7. The following is a quotation of 35 U.S.C. 103(a) which forms the basis for all 
obviousness rejections set forth in this Office action: 

(a) A patent may not be obtained though the invention is not identically disclosed or described as set 
forth in section 102 of this title, if the differences between the subject matter sought to be patented and 
the prior art are such that the subject matter as a whole would have been obvious at the time the 
invention was made to a person having ordinary skill in the art to which said subject matter pertains. 
Patentability shall not be negatived by the manner in which the invention was made. 
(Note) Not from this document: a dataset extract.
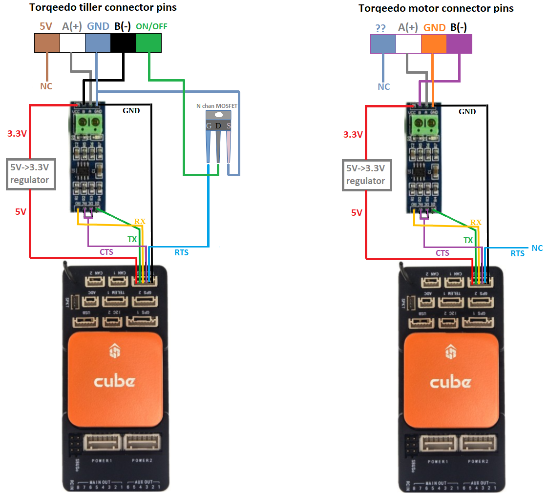 TRQD_ONOFF_PIN= 54 (AUX5) and connect the autopilot’s AUX5 pin to the interface’s board’s MOSFETTRQD_DE_PIN= 55 (AUX6) and connect the autopilot’s AUX6 pin to the RS485<->TTL converter’s DE and RE pins
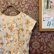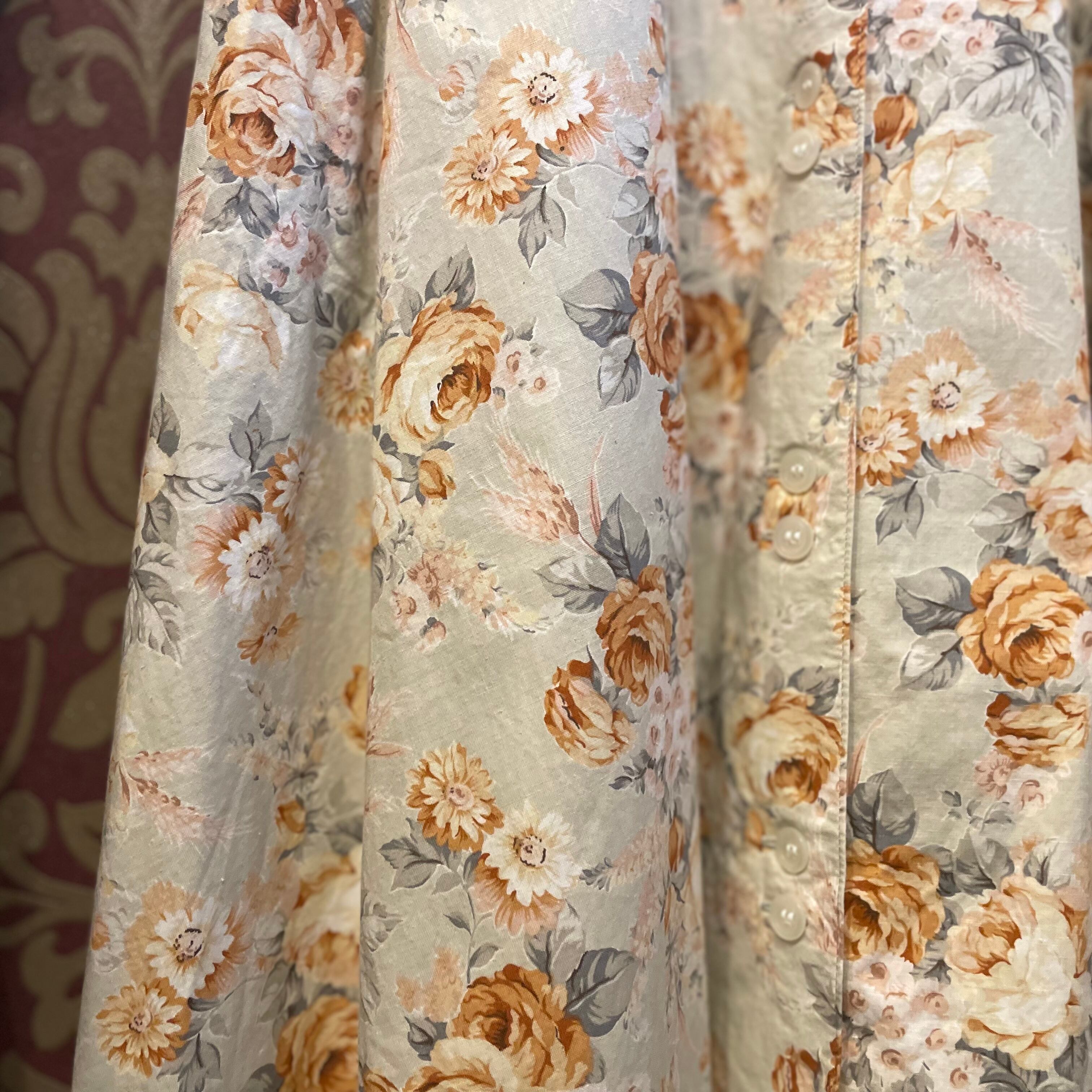 微かに緑がかったようなベージュにオレンジピンクのバラ柄のワンピースです。

8. Claims 1, 5, 18, 22, 35-39, 44 and 46-47 are rejected under 35 U.S.C. 103(a) as 
being unpatentable over Stanford in view of Alshawi et al. (U.S. Pat. 
Pub2002/0072914A1). 

Regarding claims 1,18, 35, 44 and 46, Stanford teaches a speech translation 
method, apparatus and computer readable medium containing executable computer 
program instructions comprising: 

limiting the language vocabulary to a subset of the language vocabulary (user 
chooses the type of movie to access that subset of the vocabulary, col. 6, lines 40-43); 

separating said subset into at least two contexts (recent releases and all-time 
hits, col. 6, lines 48-50); and 

associating the speech signal with at least one of said at least two contexts and 
performing speech recognition using the context (user selects recent releases and new 
choices are displayed, col. 6, lines 52-54). 

Stanford does not teach the translating the speech signal into text. 

Alshawi teaches a method for translation speech into text that uses multiple 
contexts within the vocabulary (converts audio to text form, paragraph 30).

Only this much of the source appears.